MATERIAL PROVIDED:
-*-

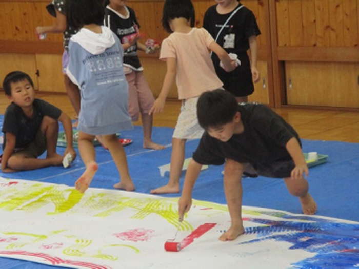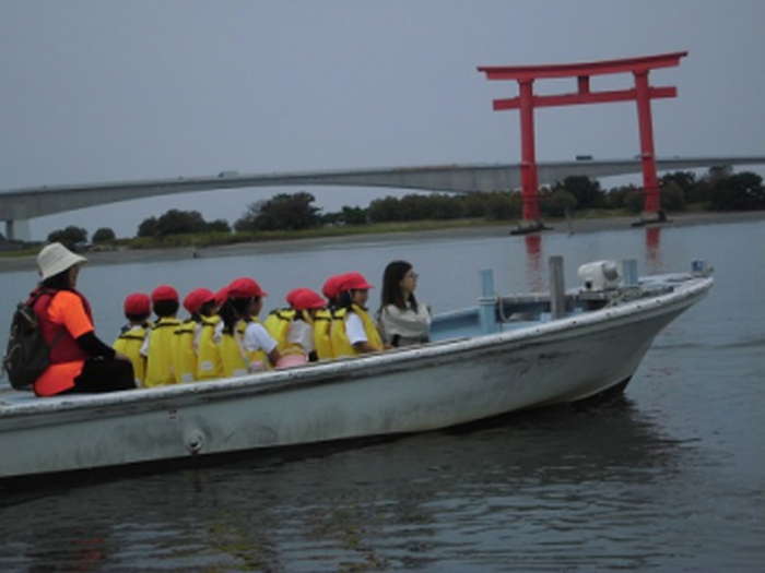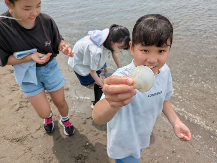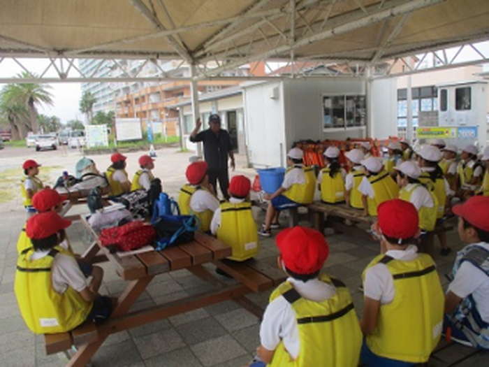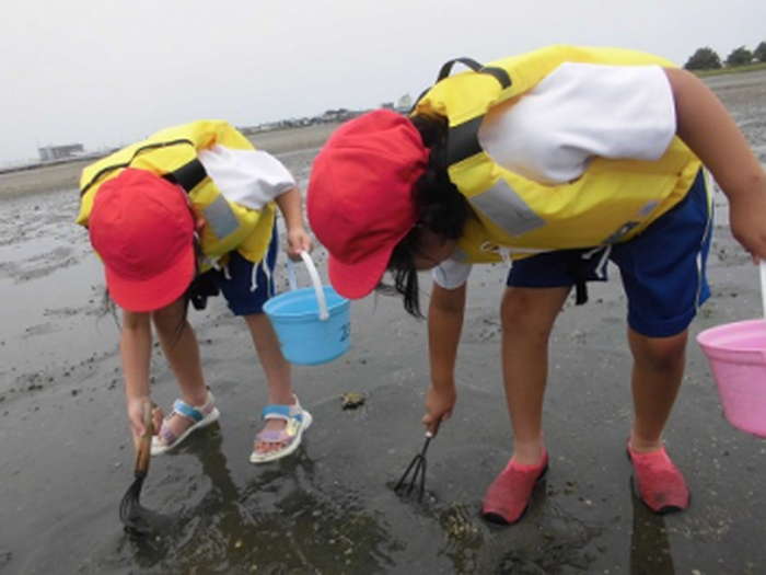 1年生は、浜名漁協弁天島遊船組合の協力で、船で浜名湖の中にある干潟「いかり瀬」に渡り、磯遊びや潮干狩り体験をした。磯遊びを通して、干潟の生き物を観察したり、海での安全な遊び方について学んだりした。1年生のうちから、身近な海と触れ合う体験を多く作っていきたいと改めて実感した。1年生は、その後、図工でロール紙に海の生き物を自由に描く時間を取り、海と自分がつながっている体験を振り返った。
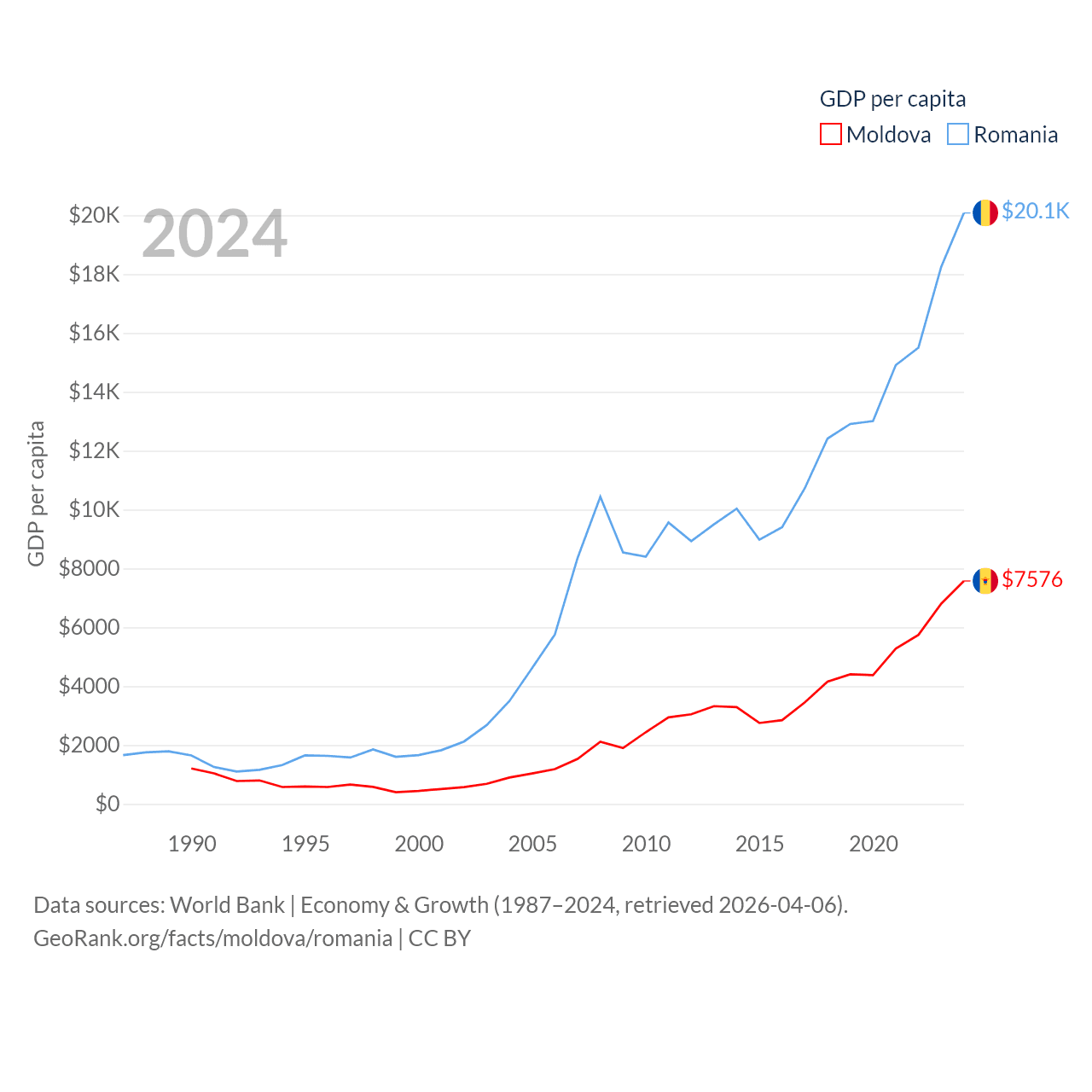Data sources: World Bank | Economy & Growth (1987–2024, retrieved 2026-04-06).
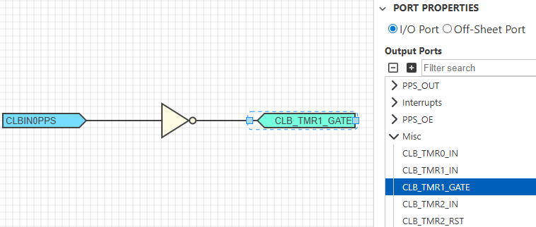 In the CLB Synthesizer GUI, configure an output port by selecting the peripheral signal to route to in the Port Properties panel.

-*-

PROBLEM DESCRIPTION:
Set down the data above exactly as written. Omit the pictures.

COMPLETED EXERCISE:
 1年生は、浜名漁協弁天島遊船組合の協力で、船で浜名湖の中にある干潟「いかり瀬」に渡り、磯遊びや潮干狩り体験をした。磯遊びを通して、干潟の生き物を観察したり、海での安全な遊び方について学んだりした。1年生のうちから、身近な海と触れ合う体験を多く作っていきたいと改めて実感した。1年生は、その後、図工でロール紙に海の生き物を自由に描く時間を取り、海と自分がつながっている体験を振り返った。
Data sources: World Bank | Economy & Growth (1987–2024, retrieved 2026-04-06).
 In the CLB Synthesizer GUI, configure an output port by selecting the peripheral signal to route to in the Port Properties panel.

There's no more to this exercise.